*Problem statement*. From the line with "- Игры с разными" through the last line of the records below, both ends included, transcribe only those lines, exactly, and omit the pictures.

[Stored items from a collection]
>>>
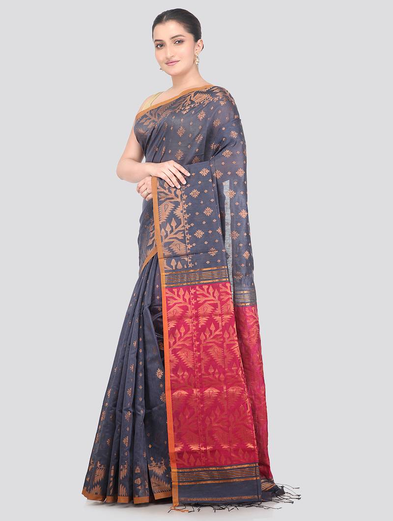• | Saree | : | Color- Grey / Fabric- Cotton Silk |
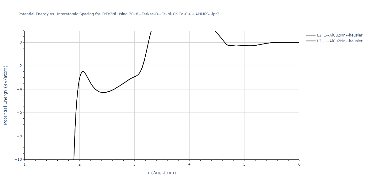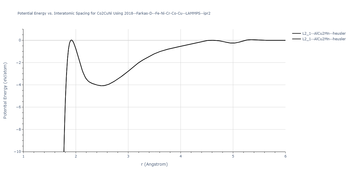 Plots of the potential energy vs interatomic spacing, r, are shown below for all diatom sets associated with the interatomic potential. This calculation provides insights into the functional form of the potential's two-body interactions. A system consisting of only two atoms is created, and the potential energy is evaluated for the atoms separated by 0.02 Å <= r <= 6.0> Å in intervals of 0.02 Å. Two plots are shown: one for the "standard" interaction distance range, and one for small values of r. The small r plot is useful for determining whether the potential is suitable for radiation studies.
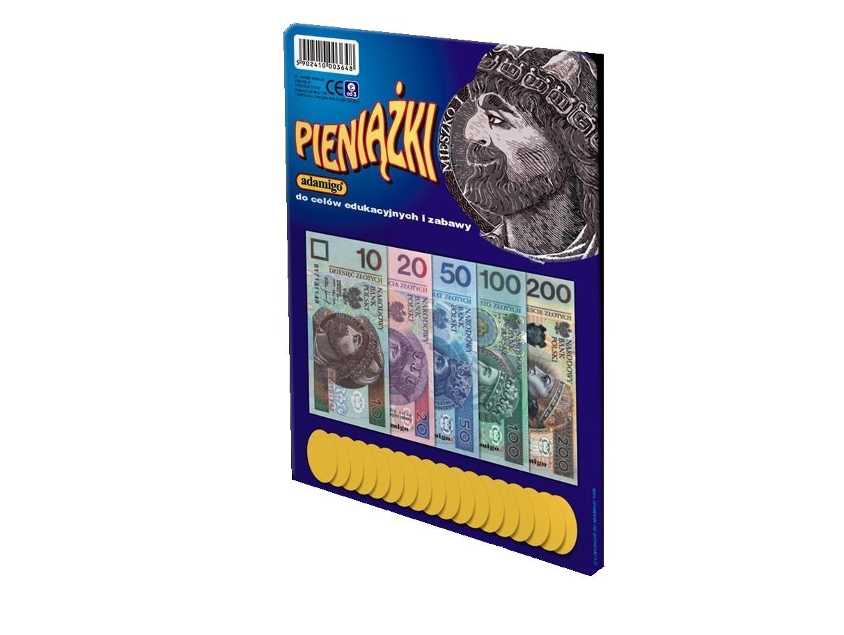 Pieniążki to zestaw banknotów o nominałach: 10, 20, 50, 100 i 200 złotych. Dzięki banknotom maluszek będzie mógł na przykład pobawić się w sklep, w bank, lub dokonywać pierwszych finansowych inwestycji.
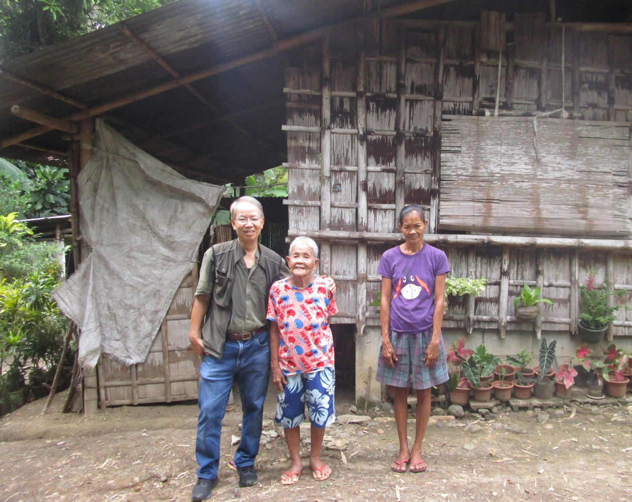 2024年10月19日、自宅前に立つ宮里千鶴子さん(中央)と筆者。右は三女のレオノラさん
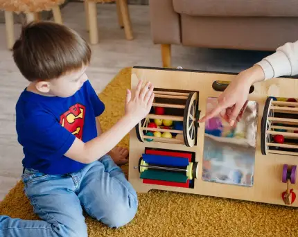 - Игры с разными текстурами, материалами: Разнообразие текстур или материалов способствует развитию тактильных навыков, чувства прикосновения у детей. Разнообразие материалов, таких как дерево, пластик, металл или ткань, позволяет исследовать и обнаруживать новые ощущения.
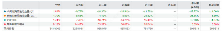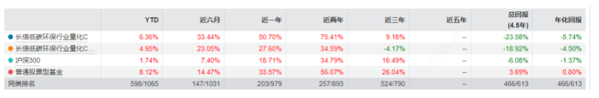 具体来看,长信低碳环保量化(004925)近一年总回报率为-23.58%,年化回报-5.74%,在613只同类产品中排名第466位,处于行业后3%梯队;长信消费精选行业量化C近一年总回报率更是低至-49.67%,年化亏损14%,同类排名596/613,落后同类平均水平25个百分点,不少基民吐槽其"量化投研不及盲目配置"。
<<<
*Exercise response*.
 - Игры с разными текстурами, материалами: Разнообразие текстур или материалов способствует развитию тактильных навыков, чувства прикосновения у детей. Разнообразие материалов, таких как дерево, пластик, металл или ткань, позволяет исследовать и обнаруживать новые ощущения.
 具体来看,长信低碳环保量化(004925)近一年总回报率为-23.58%,年化回报-5.74%,在613只同类产品中排名第466位,处于行业后3%梯队;长信消费精选行业量化C近一年总回报率更是低至-49.67%,年化亏损14%,同类排名596/613,落后同类平均水平25个百分点,不少基民吐槽其"量化投研不及盲目配置"。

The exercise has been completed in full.